One interesting finding in contextual fear conditioning is that animals that receive shock immediately when placed in the chamber show reduced freezing during long-term (e.g., 24 h) retention tests (Fanselow 1986; Landeira-Fernandez et al. 2006). This “immediate shock deficit” can be alleviated, however, if the animal has received brief exposure to the conditioning environment prior to the conditioning episode. Procedures that interfere with memory consolidation during this context pre-exposure phase eliminate the ability to learn normally at training. This suggests a critical role for successful context encoding before it can be associated with an aversive unconditional stimulus or UCS (Cullen et al. 2017). This rescue of the immediate shock deficit by exposure has been called the context pre-exposure facilitation effect (CPFE) and depends on forming a coherent, unitized (i.e., fully integrated) representation of the spatial environment in which learning will take place and then later integrating this information with knowledge of the shock (Fanselow 1986), suggesting a potential role for the retrosplenial cortex.

The predicted role of the RSC in the spatial learning central to the CPFE has begun to receive empirical support. In one report, Todd et al. (2017) demonstrated that while pre-training lesions of the entire RSC had no impact on the CPFE, post-training lesions of the RSC reduced freezing relative to controls. Importantly, this paradigm can be separated into two discrete phases, capturing both the “where” (i.e., context) and “what” (i.e., event) components of associative learning. As such, the context pre-exposure facilitation effect provides a novel and unique opportunity to further disentangle the contributions of the retrosplenial subregions to distinct aspects of aversive memory formation and information binding necessary for successful memory formation and retrieval. We hypothesized that the posterior retrosplenial cortex is important for the encoding of context-related information whereas the anterior retrosplenial cortex is important for the encoding of event-related information.

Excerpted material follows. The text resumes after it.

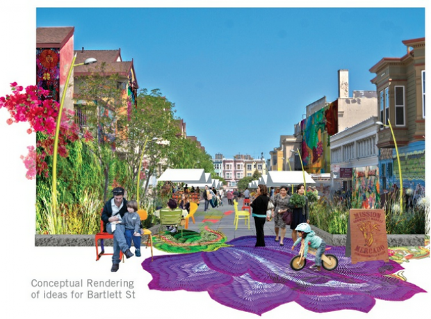 El Mercado Comunitario de la Misión, el cual comenzó en 2010, ha ayudado a cambiar eso —por lo menos, así sucede cada jueves por la tarde cuando se cierra la calle y hay puestos de comida fresca, música en vivo y comerciantes locales que llenan la calle. No obstante, los entre 20-25 residentes que llegaron a la primera reunión pública para hablar del proyecto el miércoles pasado estaban entusiasmados por que haya más.

In order to test this hypothesis, we first examined expression of the immediate early genes zif268 and c-fos in both the anterior and posterior RSC following pre-exposure, foot shock delivery, or memory testing using the context pre-exposure facilitation procedure. Zif268 expression was chosen because it has a well-known role in associative memory formation and can also serve as a general marker of neural activity (Ferrara et al. 2019). Furthermore, Asok et al. (2013) reported elevated zif268 mRNA in the retrosplenial cortex following both the pre-exposure and immediate shock phases of the context pre-exposure facilitation effect paradigm. We also examined the immediate early gene c-fos, which has been closely linked to neuronal activity associated with fear memory retrieval (Rajbhandari et al. 2016; Keiser et al. 2017). Our primary goal in this experiment was to map how IEG expression changed within the same animal along anterior–posterior axis of the retrosplenial cortex following each discrete phase of memory encoding and retrieval. We then used optogenetics to inhibit activity during either the pre-exposure, shock, or testing phases in either the anterior or posterior RSC. We have recently demonstrated that optogenetic inhibition of the aRSC or pRSC results in a selective depression of zif268 expression in the targeted region without impacting zif268 expression throughout the RSC (Trask et al. 2021a). We predicted that the pRSC would be uniquely important for the pre-exposure phase, the aRSC would be uniquely important for the shock phase, and that both would be necessary for subsequent memory retrieval and freezing during thetest.

Methods

Subjects. Male Long-Evans rats (300–400 g; Harlan, WI) were housed individually in plastic cages with chip bedding and free access to food and water, in accordance with the University of Wisconsin-Milwaukee Institutional Animal Care and Use Committee. The room where animals were housed was maintained on a 14:10 light/dark cycle.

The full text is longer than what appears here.